The European Union successfully agreed on a plan to relocate and resettle 60,000 asylum seekers across the bloc, but instead of a sign of solidarity, the agreement has created more bitter divisions.

The EU’s immediate goal – to relieve Italy and Greece from the unprecedented pressure of migrants attempting to reach their shores from war-torn Libya – has been met in numerical terms. But the longer vision to seed a culture of shared responsibility for refugees and migrants has receded. 

The plan agreed Friday at a summit in Brussels would relocate 40,000 Syrians and Eritreans currently in Greece and Italy. It also covers an additional 20,000 refugees not yet inside the EU. 

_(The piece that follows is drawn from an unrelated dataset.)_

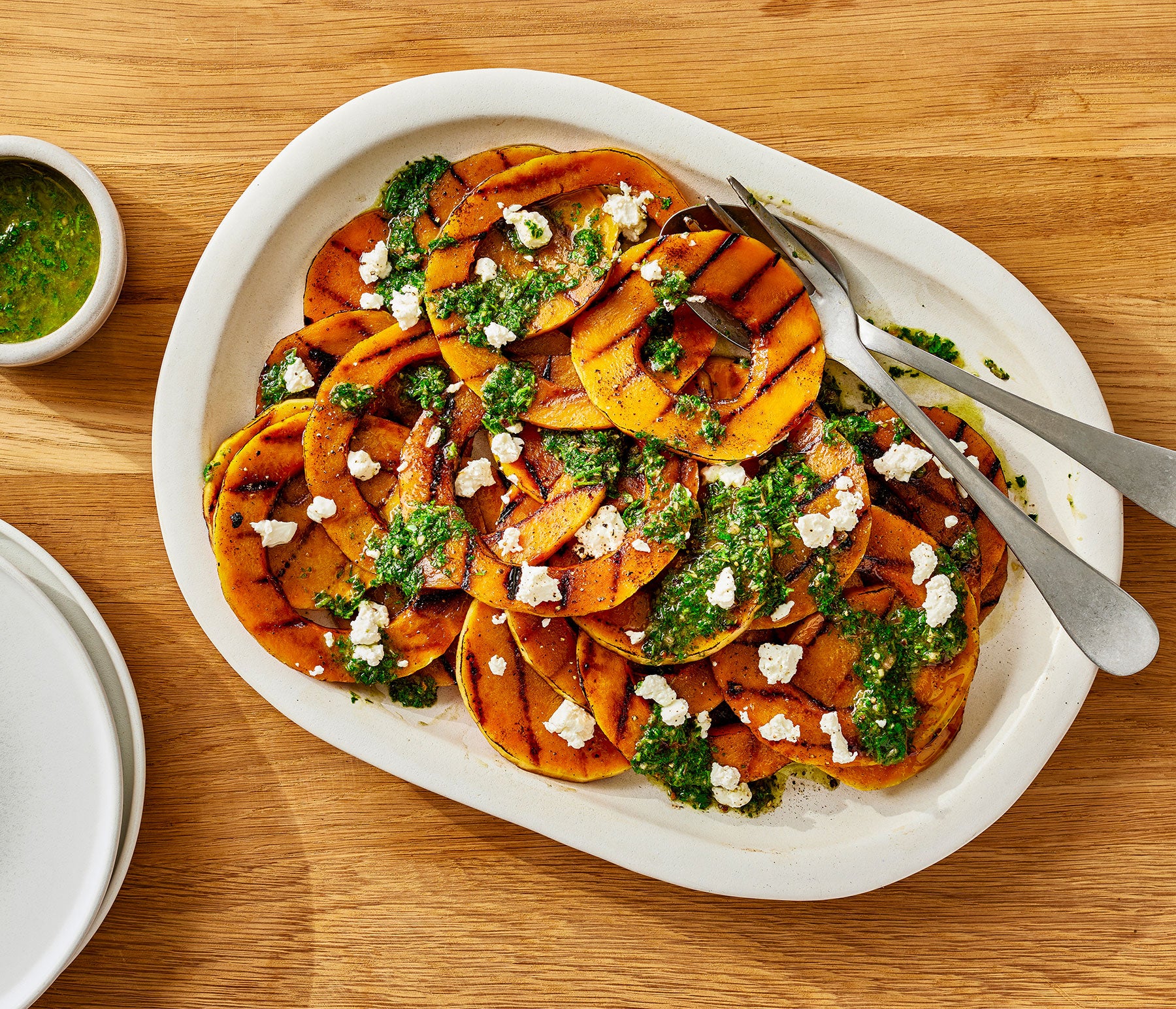 Grilled Butternut Squash with Goat Cheese and Chimichurri Dressing
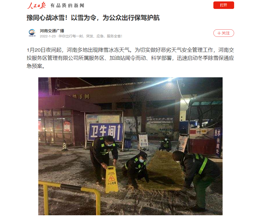 2022年1月22日,人民日報以題為《豫同心戰冰雪!以雪為令,為公眾出行保駕護航》對公司所屬服務區全力應對極端天氣,為司乘人員出行保駕護航進行了報道。網址:https://wap.peopleapp.com/article/rmh26186441/rmh26186441截圖:

In April, as 900 refugees drowned in the Mediterranean in a single weekend, EU ministers gathered immediately to show their will to tackle the crisis. German Chancellor Angela Merkel characterized it early today as the “biggest challenge I have seen in European affairs in my time as chancellor.”

The European Commission later unveiled a plan that made it mandatory for all members to accept a precise number of migrants, based on such factors as their population, economic size, and unemployment numbers. (Britain, Ireland, and Denmark were exempted due to various out-in or opt-out clauses.)

But yesterday, the “mandatory” policy was dropped after countries balked, arguing they had neither the infrastructure nor the political mandate to accept more migrants. And more countries have been exempted, including Hungary and Bulgaria, where land crossings have spiked.

“Given the scale of the global refugee crisis, making relocation mandatory was at the heart of the proposal,” says Elizabeth Collett, the director of the Migration Policy Institute Europe in Brussels. “The key objective of mandatory [quotas] was really a means so that no members could shirk their responsibilities…. The primary goal of trying to relieve pressure on Italy and Greece has been achieved to some extent. But that is a very limited form of solidarity.”

Political backlash

The compromise came after nearly seven hours of heated late-night debate that left leaders tense and tired. It wasn't exactly a surprise: The vows of solidarity in the spring buckled under the pressure of continued migration, and not just via the Mediterranean.

Hungary this week said it was going to build a fence to keep out migrants from Serbia. Italy faced off against France last week as police started checking identities along a frontier that is supposed to be borderless. Austria said it would put in similar controls along its border with Hungary. And this week, when a ferry strike in the French port of Calais revealed the numbers of migrants seeking to head to Britain, local French officials blamed Britain for the predicament.

More battles are sure to come. The relocation plan is to be hammered out by July. But it only covers a small portion of the hundreds of thousands expected to try to enter Europe this year.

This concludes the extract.